> **TASK REQUIREMENTS**
The data below should be restated word for word, with every picture omitted.

> **SUPPLIED MATERIAL**
-*-*-

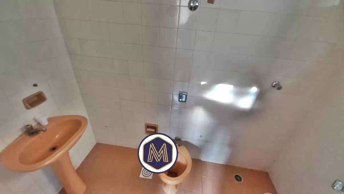 Banheiros da suíte e social com piso em cerâmica e box em blindex
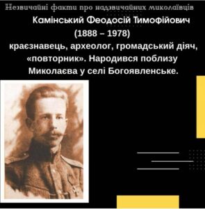 Рубрика «Незвичайні факти про надзвичайних миколаївців» продовжує знайомити вас із цікавими епізодами та незвичайними фактами із життя відомих миколаївців. Більше дізнатися про Камінського Феодосія Тимофійовичаможете на сайті Миколаївської обласної бібліотеки для дітей Камінський Феодосій Тимофійович
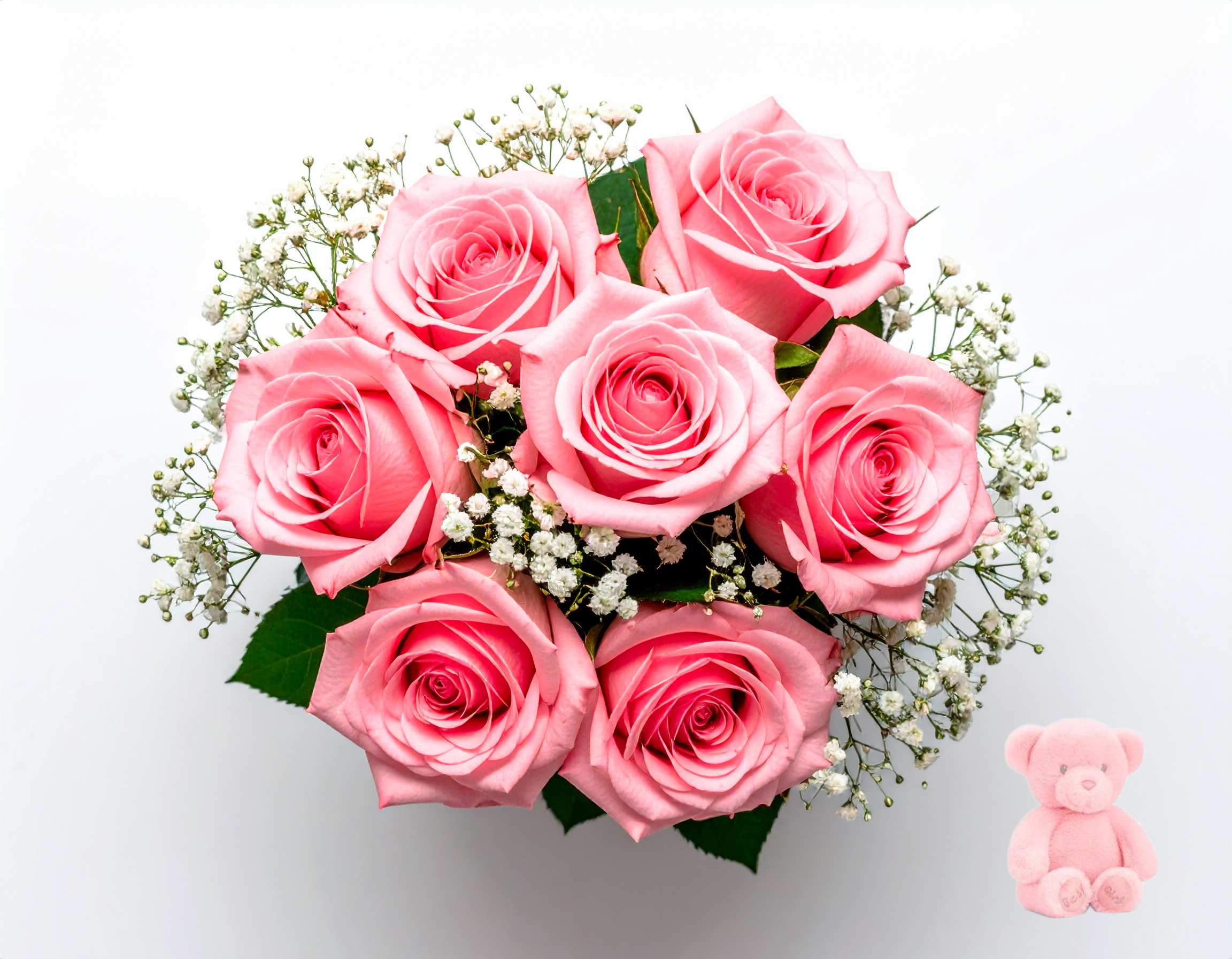 Pink roses represent thankfulness and admiration. This beautiful arrangement features sophisticated pink roses paired with delicate gypsophila blooms. It is an ideal choice for commemorating a meaningful anniversary.

-*-*-

> **ANSWER TO THIS EXERCISE**
 Banheiros da suíte e social com piso em cerâmica e box em blindex
 Рубрика «Незвичайні факти про надзвичайних миколаївців» продовжує знайомити вас із цікавими епізодами та незвичайними фактами із життя відомих миколаївців. Більше дізнатися про Камінського Феодосія Тимофійовичаможете на сайті Миколаївської обласної бібліотеки для дітей Камінський Феодосій Тимофійович
 Pink roses represent thankfulness and admiration. This beautiful arrangement features sophisticated pink roses paired with delicate gypsophila blooms. It is an ideal choice for commemorating a meaningful anniversary.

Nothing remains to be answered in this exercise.